Former head of FDIC says Timothy Geithner has it wrong

Last week, we reported that former United States Treasury Secretary Timothy Geithner published an op-ed piece in the Wall Street Journal and appeared on MSNBC defending the Bush and Obama administrations’ bailouts of the financial industry. He presented the case that it was a necessary endeavor and that, although mistakes were made, it was important to avoid a second Great Depression.

Writing an op-ed in Fortune magazine Monday, Sheila Bair, former chair of the Federal Deposit Insurance Corporation (FDIC), accused Geithner of having it all wrong. Bair wrote that Geithner’s new book “Stress Test” has incited a new round of debate to conclude if the financial system should be founded upon a series of bailouts or accountability.

Bair, the author of “Bull by the Horns” and “Fighting to Save Main Street from Wall Street,” stated that a majority of Americans favor a system of accountability, but “Washington’s love affair with big finance continues.”

Timothy GeithnerShe argued that any efforts to reform the system have been inadequate. “The hard work to force mega-banks to raise more capital, replace their unstable short-term funding with long-term debt and simplify their legal structures is at best, half-done.”

The former FDIC head said that the former Treasury Secretary has conceded that he’s not concerned about continuing with the “too big to fail” measure for financial institutions. Bair is worried that Geithner’s inability to recognize that instability is generated when Wall Street thinks it can control the federal government.

“He accepts the risks of moral hazard when it comes to bailing out homeowners, but not the mega-banks. He almost naively assumes that the titans of Wall Street can somehow rise above the temptation to take outsized risks when they know the government will always be there to bail them out,” Bair noted. “Tim’s justification of the bailouts is based on a false dilemma: that our only choices were either to do nothing or to pursue the over-the-top measures, which we did.”

Bair concluded that she would feel a lot better if Geithner was in favor of avoiding bailouts in the future.

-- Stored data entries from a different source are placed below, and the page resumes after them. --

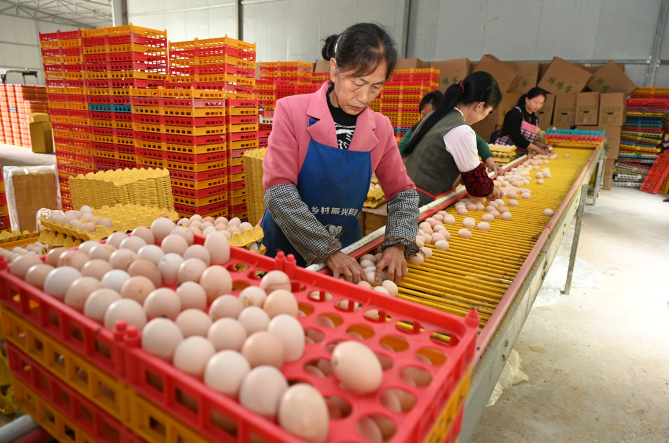 当地农户正在流水线上捡拾鸡蛋,准备装箱外运
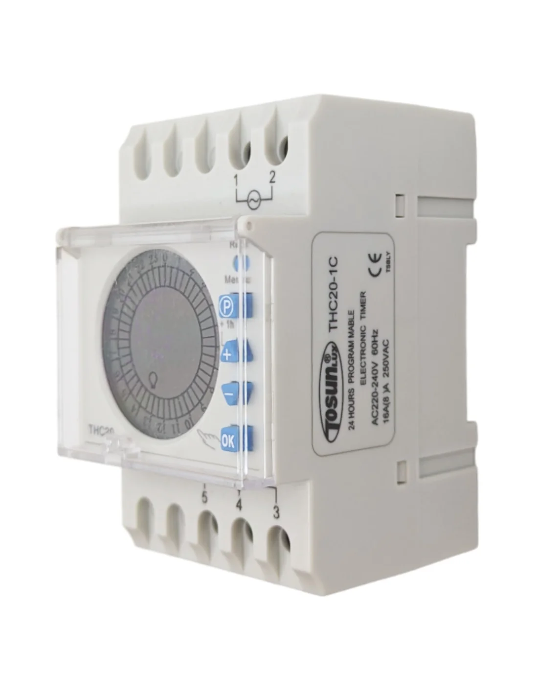 El Interruptor Temporizador THC20-1C de Tosunlux es una solución innovadora para gestionar el uso eficiente de la energía en tu hogar o negocio. Diseñado para facilitar la programación horaria, este dispositivo es clave en sistemas que requieren control preciso del tiempo y optimización del consumo eléctrico.
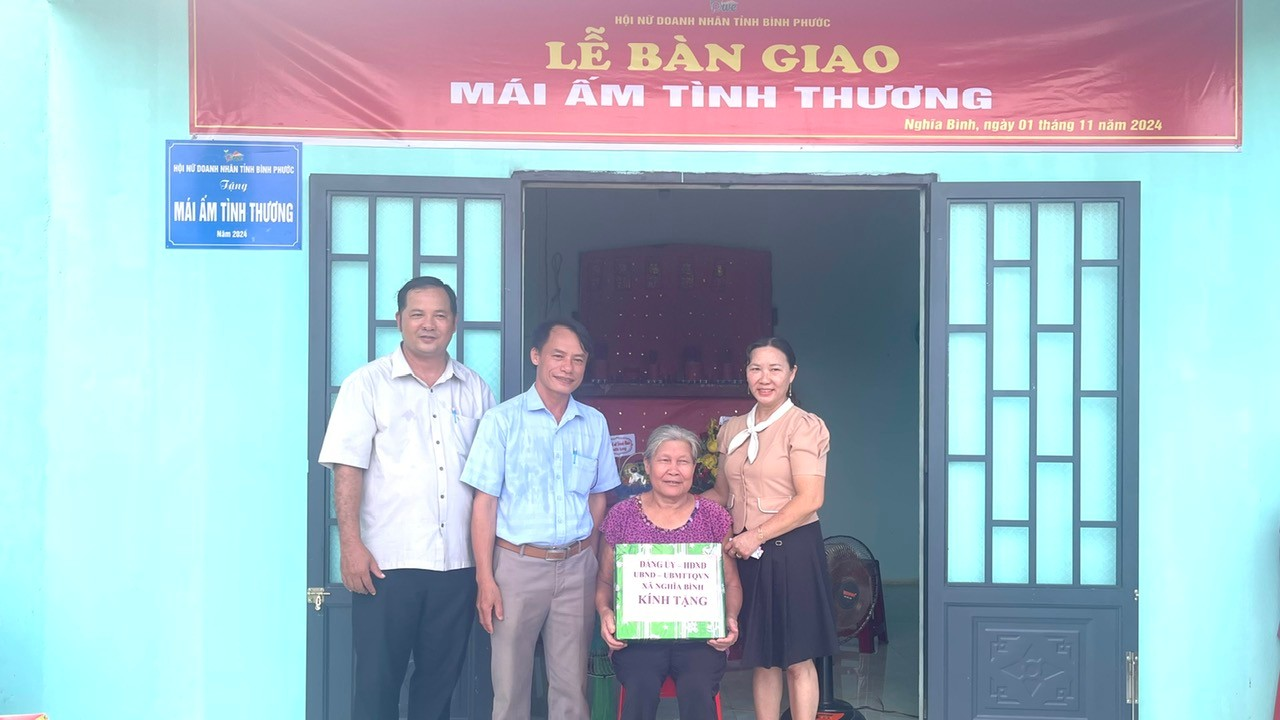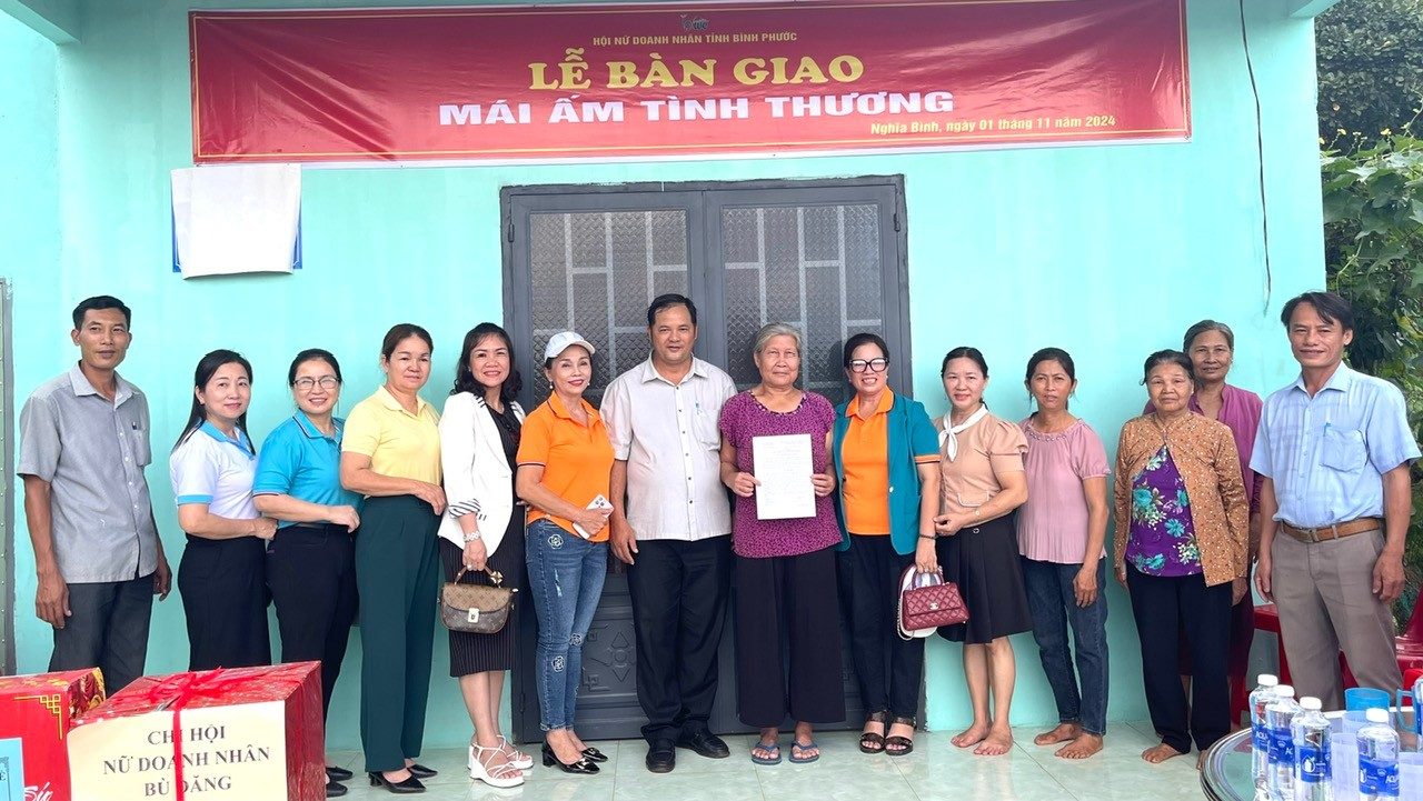 Chiều 01-11, Hội nữ Doanh nhân tỉnh Bình Phước phối hợp với UBND xã Nghĩa Bình đã trao tặng mái ấm tình thương cho bà Hồ Sy Múi, thôn Bình Hoà, xã Nghĩa Bình, Huyện Bù Đăng. Dự lễ trao tặng nhà có các đồng chí Uỷ viên Ban chấp hành Hội nữ Doanh nhân tỉnh Bình Phước; lãnh đạo Hội liên hiệp phụ nữ huyện; Chi hội nữ Doanh nhân huyện Bù Đăng, huyện Bù Đốp, thị xã Phước Long; lãnh đạo UBND, UBMTTQVN xã; đại diện các hội, đoàn thể xã.

Instead of supporting genuine reforms, wrote Bair, Geithner thinks Washington has done it can or should do.

“I think we should apologize for the bailouts. He wants to be thanked for them,” Bair ended the op-ed. “But if we glorify regulators when they bail out the industry, while savaging them when they try to regulate it, what kind of system will we have?”

Bair isn’t the first one to oppose Geithner or the bailouts. As we reported, David Stockman, former Reagan budget director and author of “The Great Deformation,” called Geithner a “bag carrier for Wall Street.”

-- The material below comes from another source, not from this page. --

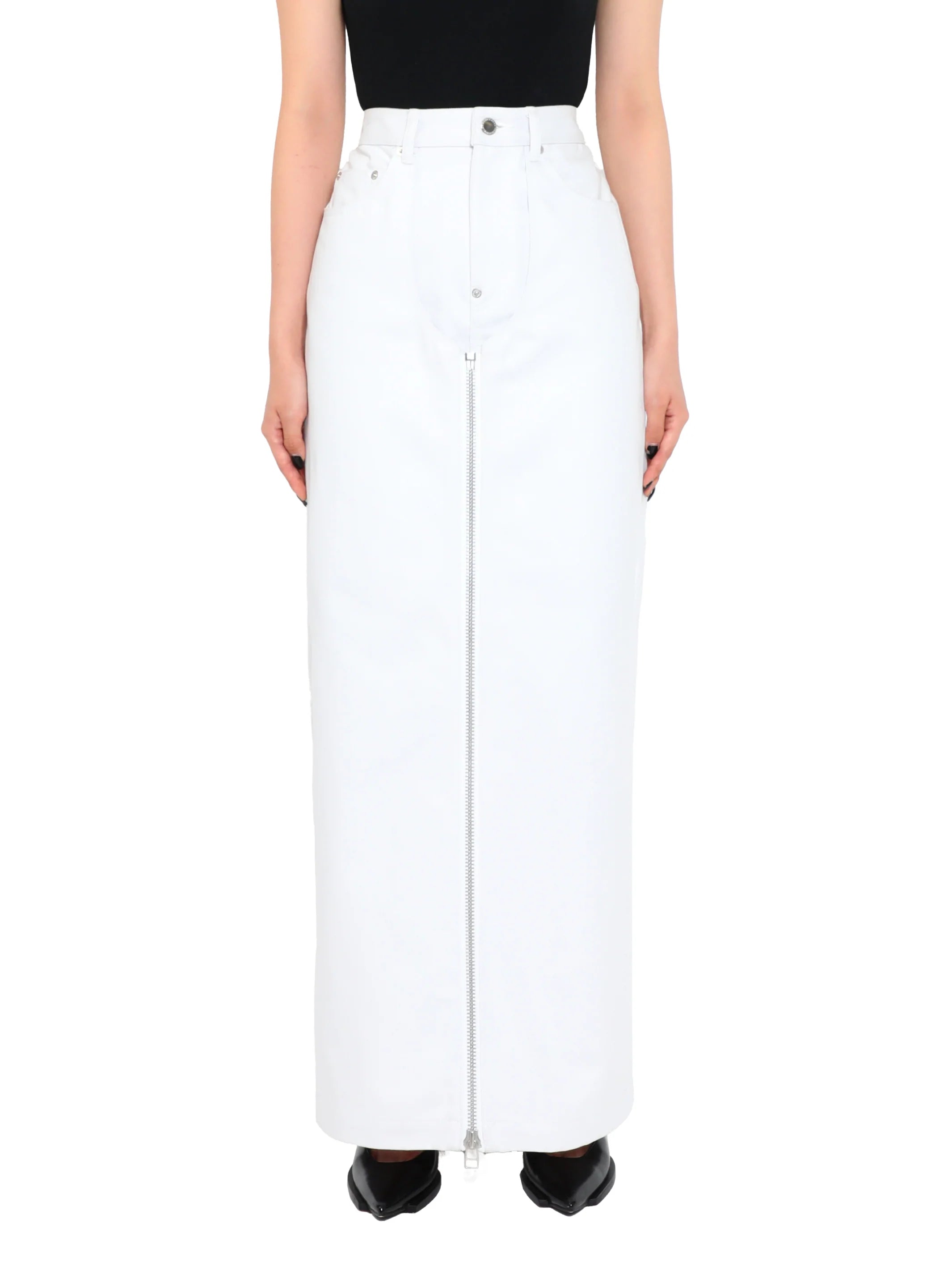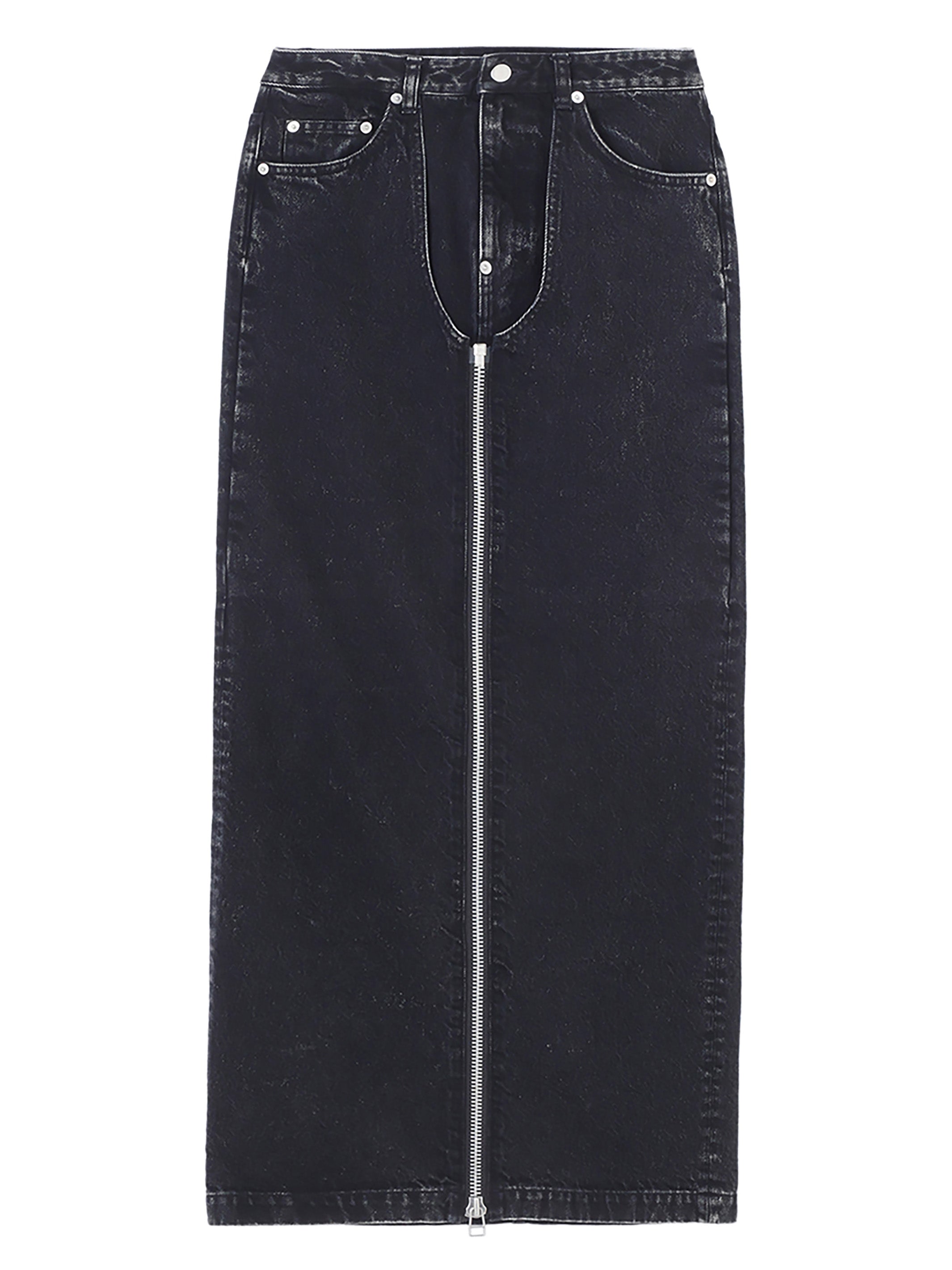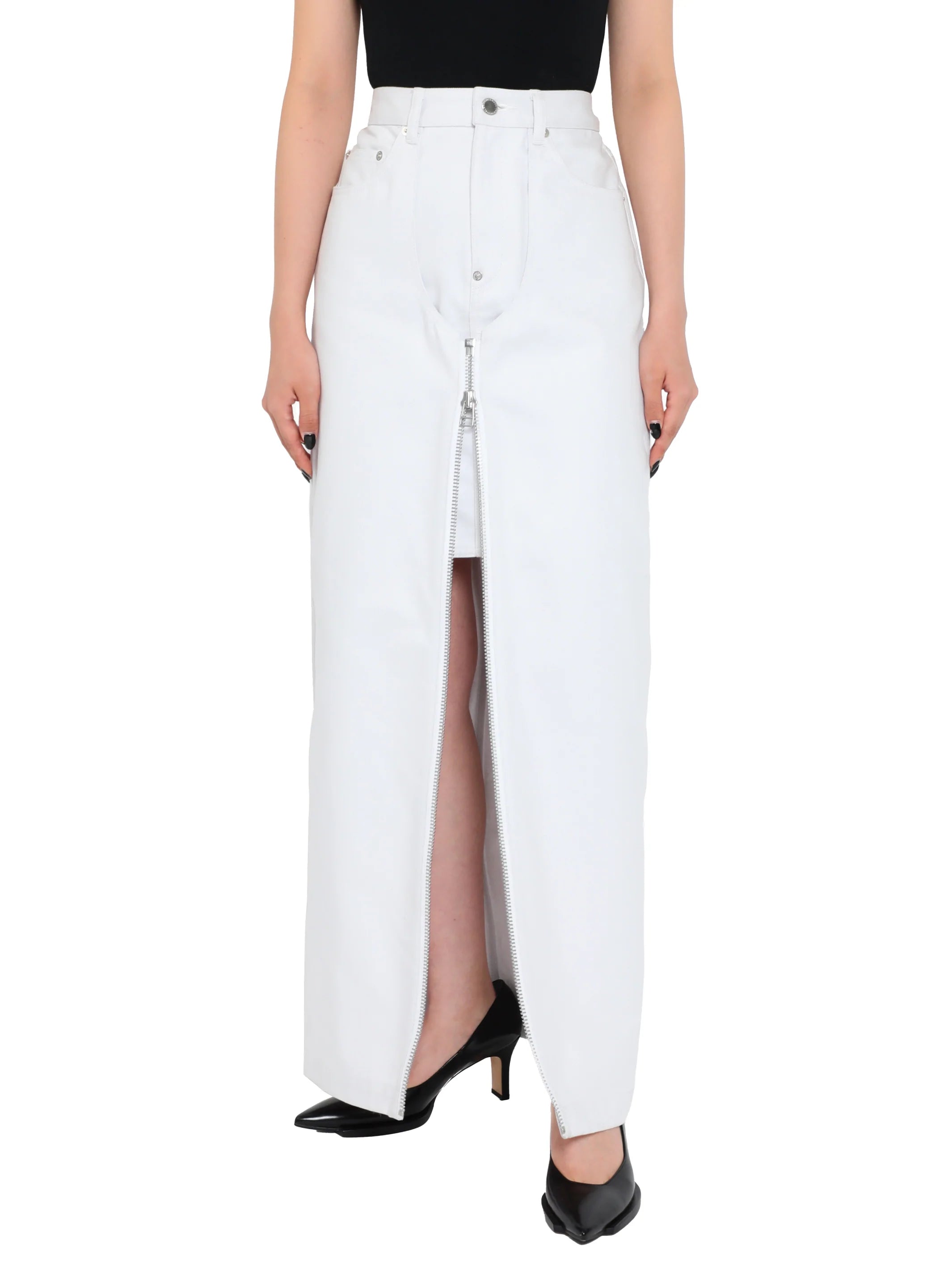 脚部の保護に使用するチャップスのディテールを取り入れたデニムロングスカート。フロントのジップを開けることで中に膝上丈のミニスカートが覗くレイヤードデザイン。

In 2010, then-Texas Republican Congressman and three-time presidential candidate Ron Paul called for the administration to fire Geithner for his involvement in the AIG bailout scandal, and noted that it was another example of why the Federal Reserve should be stripped of its powers and must be audited.

“These banks should have suffered the consequences of the huge risks they were taking,” stated Paul. “After all, they kept plenty of rewards when times were good. Instead, the Fed found a way to socialize these major losses so these banks could survive and continue making more bad decisions, at the expense of the American people and the value of the dollar.”

Paul accused Geithner of having aided the banks from hiding the fact from taxpayers that the banks were compensated for bad decisions.